→ Instructions to follow: Taking the data below, please print only the lines from the line holding "靴子女休闲女士舒适雪地靴保暖防滑棉靴 加绒一脚蹬妈妈鞋 冬季 新款" to the line holding "口臭ケアはタブレットが続けや", inclusive, with pictures omitted.
───── Task input
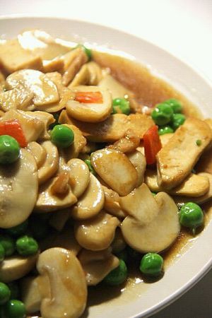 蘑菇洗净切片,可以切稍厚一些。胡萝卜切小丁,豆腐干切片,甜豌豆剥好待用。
──────────
───── Task input
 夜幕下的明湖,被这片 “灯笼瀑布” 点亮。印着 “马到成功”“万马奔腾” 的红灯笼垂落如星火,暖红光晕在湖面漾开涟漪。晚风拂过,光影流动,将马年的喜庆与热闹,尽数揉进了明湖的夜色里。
──────────
───── Task input
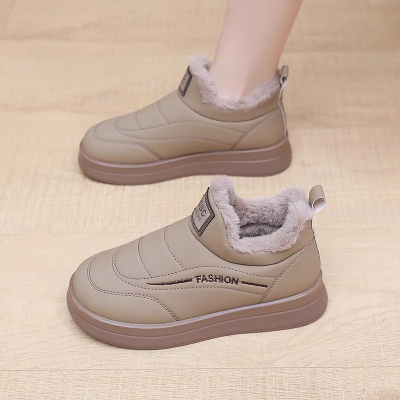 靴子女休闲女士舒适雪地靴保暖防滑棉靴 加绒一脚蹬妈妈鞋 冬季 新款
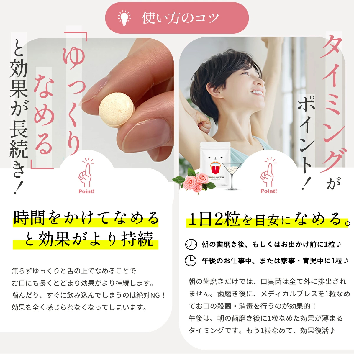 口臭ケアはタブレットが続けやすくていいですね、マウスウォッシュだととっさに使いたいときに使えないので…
──────────
→ Answer section:
 靴子女休闲女士舒适雪地靴保暖防滑棉靴 加绒一脚蹬妈妈鞋 冬季 新款
 口臭ケアはタブレットが続けやすくていいですね、マウスウォッシュだととっさに使いたいときに使えないので…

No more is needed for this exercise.